Material provided:

• • • • • • •

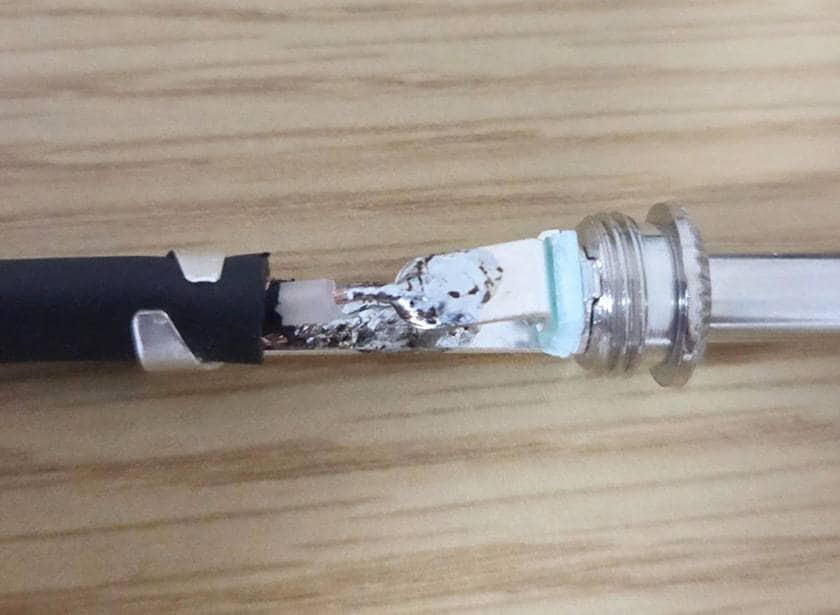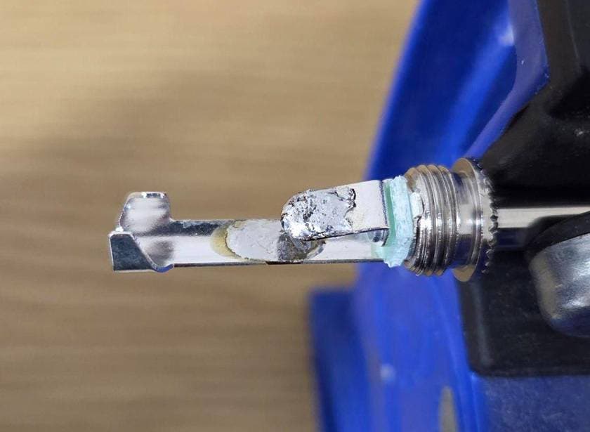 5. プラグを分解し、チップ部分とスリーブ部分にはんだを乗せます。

• • • • • • •

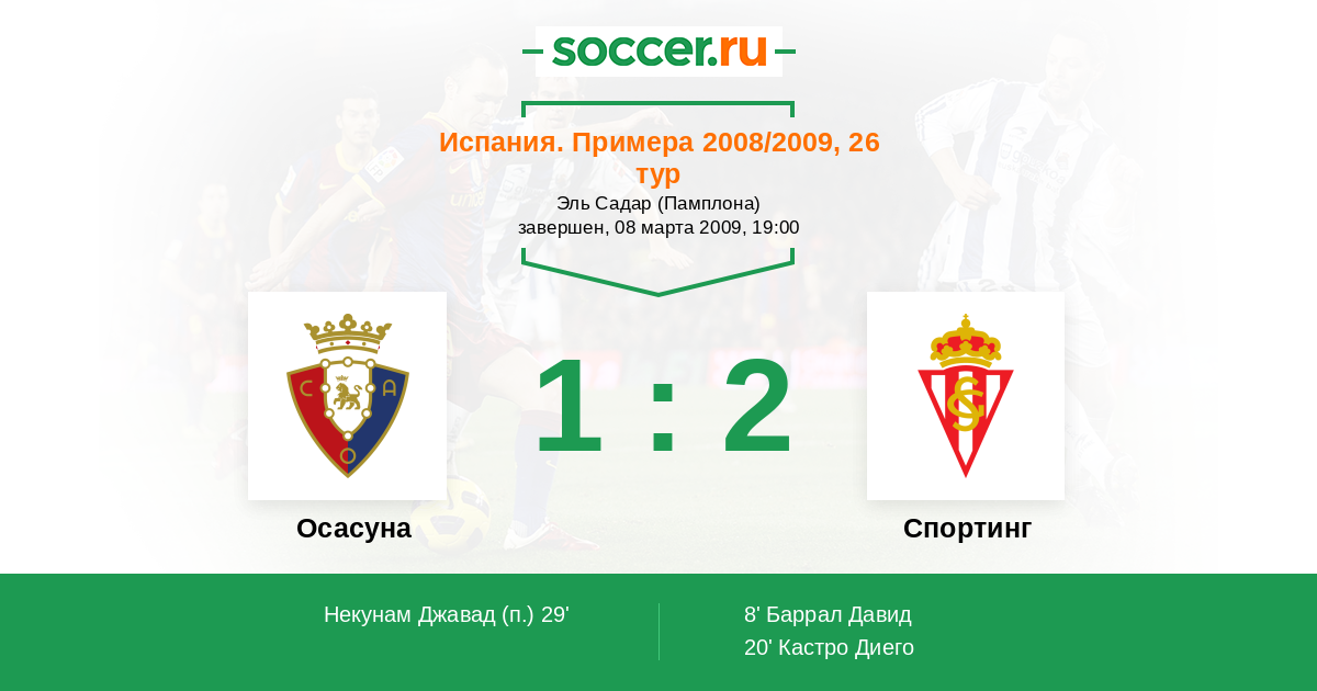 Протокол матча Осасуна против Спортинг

• • • • • • •

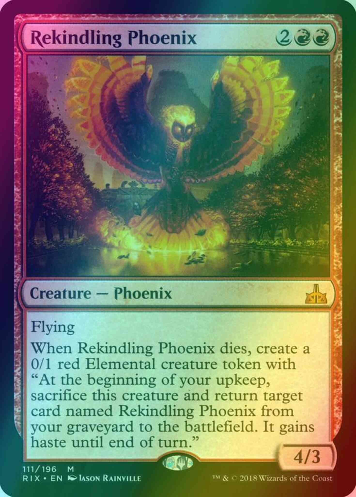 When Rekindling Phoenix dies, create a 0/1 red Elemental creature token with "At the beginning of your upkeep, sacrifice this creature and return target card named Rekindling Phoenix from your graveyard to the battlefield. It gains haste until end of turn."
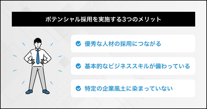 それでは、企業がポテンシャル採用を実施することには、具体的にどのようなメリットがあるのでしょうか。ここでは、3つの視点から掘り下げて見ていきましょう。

• • • • • • •

Task to complete: Above are records; repeat only the lines from the line with "When Rekindling Phoenix" through the line with "それでは、企業がポテンシャル", and leave pictures out.

Answer:
 When Rekindling Phoenix dies, create a 0/1 red Elemental creature token with "At the beginning of your upkeep, sacrifice this creature and return target card named Rekindling Phoenix from your graveyard to the battlefield. It gains haste until end of turn."
 それでは、企業がポテンシャル採用を実施することには、具体的にどのようなメリットがあるのでしょうか。ここでは、3つの視点から掘り下げて見ていきましょう。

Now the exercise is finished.